3. Quelques personnes m'ont laissé des commentaires d'encouragement ainsi que des critiques sur ma fic. Je me désolais de ne pouvoir vous répondre du coup à partir de maintenant je profiterai de cet emplacement pour vous répondre. Sachez que chaque commentaire est précieux, je les lis avec attention. Commençons sans plus tarder :
Hasna-ghost - Contente que le premier chapitre de cette histoire t'ait plu ! *smile*
L1109 - Merci de m'avoir fait remarquer que les tirets n'apparaissaient pas. Certains caractères que j'utilise sur OpenOffice ne sont pas disponibles sur . Du coup je dois être plus attentive. Encore merci !
Kasumihime - La toute première citation du passé d'Akira est bel et bien tirée de Naruto, bien vu ! C'est effectivement Hinata qui prononce cette phrase. Je trouvais qu'elle collait parfaitement à Akira. Merci pour ton commentaire !
Soutien - Ce pseudo m'a fait vraiment sourire. Tu comprendras que je ne peux malheureusement pas te dévoiler la suite de l'histoire et les origines d'Akira *sourire machiavélique*. Et sois rassuré : je n'abandonnerai jamais cette fic.
Mausu-chan - Je suis contente que tu apprécies Akira. Tes suppositions sont intéressantes en tout cas, reste à voir si tu as raison ou tort. Encore pardon pour les tirets, je ferai attention à l'avenir, c'est promis *smile*. De plus, je te remercie de m'avoir souligné une faute de frappe. A bientôt j'espère !
Cheshire - Je t'ai envoyé un message privé pour te remercier de l'attention que tu portes à ma fic et je profite de cet emplacement pour te remercier de ta fidélité. En espérant que la suite te plaira.
Akabane D Yui - Merci du compliment !
Citation du chapitre : Une personne c'est de la compagnie, deux c'est la foule, trois c'est une réception (Andy Warhol)
Bonne lecture !
Chapitre onze
Une personne c'est de la compagnie, deux c'est la foule, trois c'est une réception.
/
- « Bien le bonjour Grand-père ! Je suis ravie de pouvoir faire votre connaissance. »
- Bon sang ma fille... Qu'as-tu fait d'Akira ? »
/
Néant.
C'est le néant le plus total.
Tout est noir autour de moi. Je ne parviens pas à faire un seul geste, mon corps ne m'obéit plus. Il est un amas de fatigue qui me fait sombrer, sombrer de plus en plus profond. Je tente de comprendre ce que j'ai fait pour me retrouver dans cet état. Durant cette terrible bataille je n'ai cessé d'avoir recourt à mon étrange pouvoir. En fait, je l'ai utilisé trois fois, chose que je n'avais jamais fait surtout avec une telle intensité.

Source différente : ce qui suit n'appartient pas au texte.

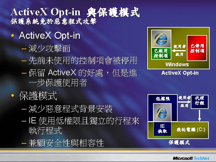 Broker Process I n te g r i ty C o n tr o l Protected Mode Internet Explorer Compat Redirector 以最低權限執行的保護模式 Admin Rights Access Install an Active. X control HKLM HKCR Program Files Change settings, User Rights Access HKCU My Documents Save a picture Cache Web content Startup Folder Temp Internet Files Untrusted files and settings Redirected settings and files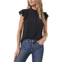 CeCe Short Sleeve Pin Tuck Ruffled Blouse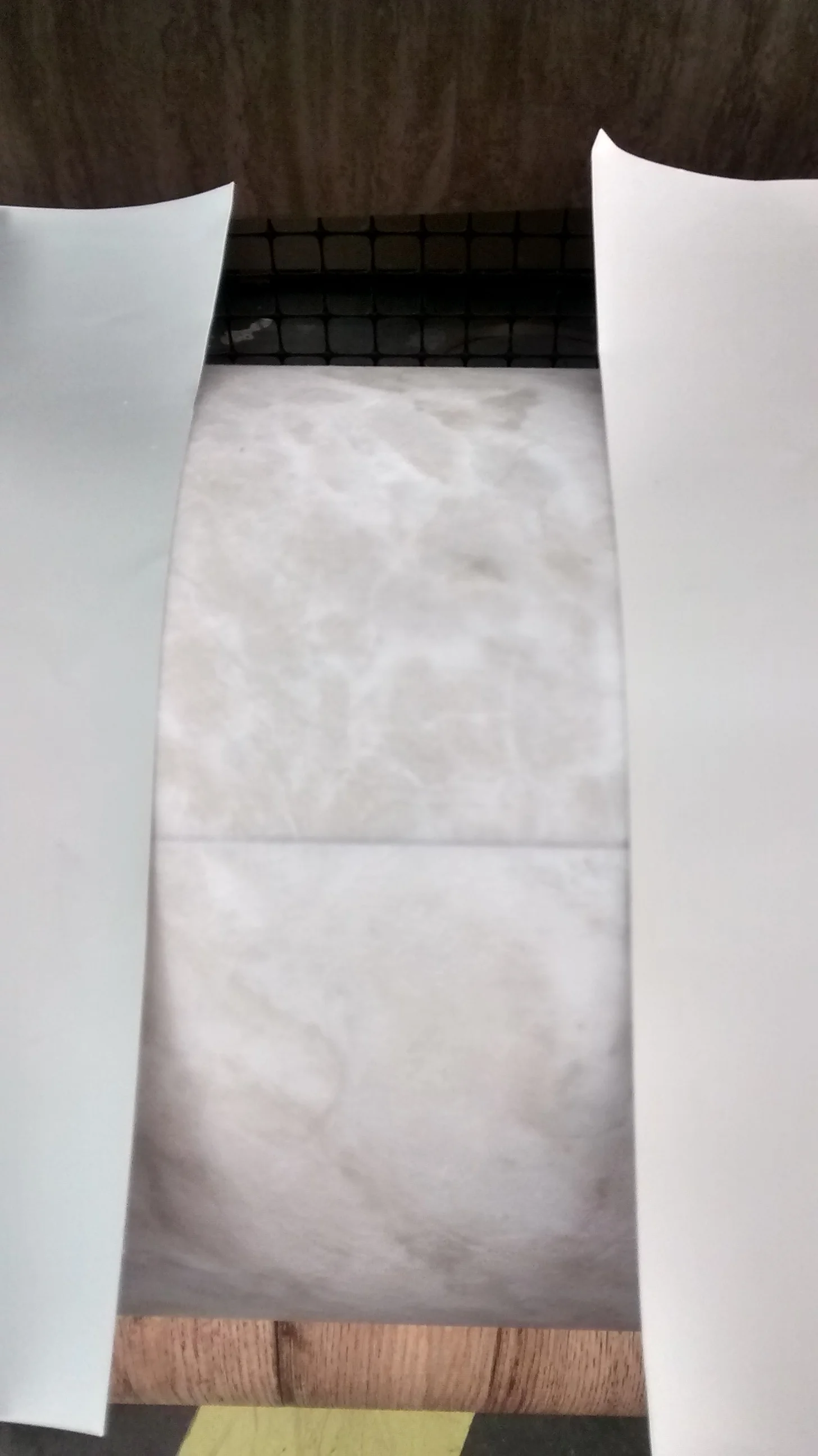 Once everything is cut out, roll your vinyl up to make installation a bit easier. Starting in the corner, place the flap of the vinyl that is not rolled in place on the adhesive, and then slowly start rolling out. If the vinyl becomes unaligned, simply peel it back up, and start again. We used a scrap PVC pipe like a rolling pin to smooth out any air bubbles.

Et puis... Et puis quoi ? Qu'est-ce qu'il s'est passé, bon sang ? Est-ce que tout cela a servi à quelque chose ? Je meurs d'envie de le découvrir mais je ne parviens pas à refaire surface. Je m'escrime à me débattre, à m'accrocher à quelque chose mais il n'y a rien. Absolument rien. Il n'y a rien de matériel autour de moi. La solitude s'apprête à m'emprisonner quand tout à coup j'entends...des cris... Quelqu'une est un en train de...pleurer. Qui ? Qui pourrait bien pleurnich... Et soudain je me souviens de Luffy. Et soudain je me souviens que je me suis promis de ne plus jamais le laisser seul. Et soudain j'ouvre les yeux et je sors des ténèbres.

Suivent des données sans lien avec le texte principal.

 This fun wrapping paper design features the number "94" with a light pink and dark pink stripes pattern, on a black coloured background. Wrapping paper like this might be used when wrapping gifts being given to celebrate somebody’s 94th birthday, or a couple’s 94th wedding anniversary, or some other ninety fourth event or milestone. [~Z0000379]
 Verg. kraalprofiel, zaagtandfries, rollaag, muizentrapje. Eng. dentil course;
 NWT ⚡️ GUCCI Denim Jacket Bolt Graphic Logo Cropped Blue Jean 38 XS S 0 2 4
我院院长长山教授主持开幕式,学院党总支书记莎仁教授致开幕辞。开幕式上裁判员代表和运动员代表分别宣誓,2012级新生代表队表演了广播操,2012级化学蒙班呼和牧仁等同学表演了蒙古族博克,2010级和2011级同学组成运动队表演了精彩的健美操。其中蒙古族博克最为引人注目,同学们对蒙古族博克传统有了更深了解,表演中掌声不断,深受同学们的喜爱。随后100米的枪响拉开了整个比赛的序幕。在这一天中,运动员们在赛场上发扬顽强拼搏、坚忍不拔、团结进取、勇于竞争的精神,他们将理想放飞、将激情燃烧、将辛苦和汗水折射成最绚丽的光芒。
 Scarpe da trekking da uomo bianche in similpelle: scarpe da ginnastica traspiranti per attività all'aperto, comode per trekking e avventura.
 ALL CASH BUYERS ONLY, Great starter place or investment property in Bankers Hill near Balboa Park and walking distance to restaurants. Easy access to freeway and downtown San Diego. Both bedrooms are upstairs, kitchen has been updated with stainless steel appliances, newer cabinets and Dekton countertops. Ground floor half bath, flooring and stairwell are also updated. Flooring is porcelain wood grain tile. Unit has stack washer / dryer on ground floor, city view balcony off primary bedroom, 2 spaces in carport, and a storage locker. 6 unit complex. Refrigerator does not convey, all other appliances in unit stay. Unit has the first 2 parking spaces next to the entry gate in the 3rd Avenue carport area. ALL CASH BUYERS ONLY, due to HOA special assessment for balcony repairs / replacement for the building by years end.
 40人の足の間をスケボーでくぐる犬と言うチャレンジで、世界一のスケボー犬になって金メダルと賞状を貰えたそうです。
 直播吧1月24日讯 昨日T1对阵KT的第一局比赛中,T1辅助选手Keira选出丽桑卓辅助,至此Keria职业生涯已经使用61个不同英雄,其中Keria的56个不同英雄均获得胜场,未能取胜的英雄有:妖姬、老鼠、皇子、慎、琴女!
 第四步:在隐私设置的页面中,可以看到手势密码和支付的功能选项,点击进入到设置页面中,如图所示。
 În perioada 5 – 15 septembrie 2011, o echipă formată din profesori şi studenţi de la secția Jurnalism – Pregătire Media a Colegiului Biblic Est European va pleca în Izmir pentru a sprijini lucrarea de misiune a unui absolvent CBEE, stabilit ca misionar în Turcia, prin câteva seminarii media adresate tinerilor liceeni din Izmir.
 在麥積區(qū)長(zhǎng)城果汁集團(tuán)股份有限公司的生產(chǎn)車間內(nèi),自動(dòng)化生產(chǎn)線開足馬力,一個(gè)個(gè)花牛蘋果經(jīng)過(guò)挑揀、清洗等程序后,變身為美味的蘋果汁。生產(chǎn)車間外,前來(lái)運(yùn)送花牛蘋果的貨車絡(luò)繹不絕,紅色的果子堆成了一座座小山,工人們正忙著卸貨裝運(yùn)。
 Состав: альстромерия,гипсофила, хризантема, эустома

- Luffy..., je murmure en clignant des paupières.
C'est bien lui. Il est là, juste à côté de moi. Un nombre incalculable de bandages et de pansements le recouvrent.
- Ah ! Tu es réveillée.
Je reconnais la voix de Sabo. De toute évidence il s'adresse à moi. Il m'aide à me mettre assise.
- Que s'est-il passé ? je demande d'une voix rauque, la gorge sèche.
- Eh bien... En gros tu as fait cette...attaque bizarre qui a détourné l'attention de Porchemy et qui nous a permis de le battre, répondit Sabo en se relevant. Bien évidemment tout ça ne serait jamais arrivé si Ace n'avait pas décidé de faire son suicidaire.
Cette fois il se tourne vers le concerné qui est assis sur un rocher à quelques mètres de nous. Je note que nous sommes de nouveau dans la forêt.
- N'empêche c'est une très mauvaise habitude que tu as, Ace ! poursuivit Sabo en perdant son calme. Un peu plus et on y passait tous ! Désormais on peut être certains que les hommes de Bluejam vont nous chercher partout ! On s'est foutus dans un sacré pétrin !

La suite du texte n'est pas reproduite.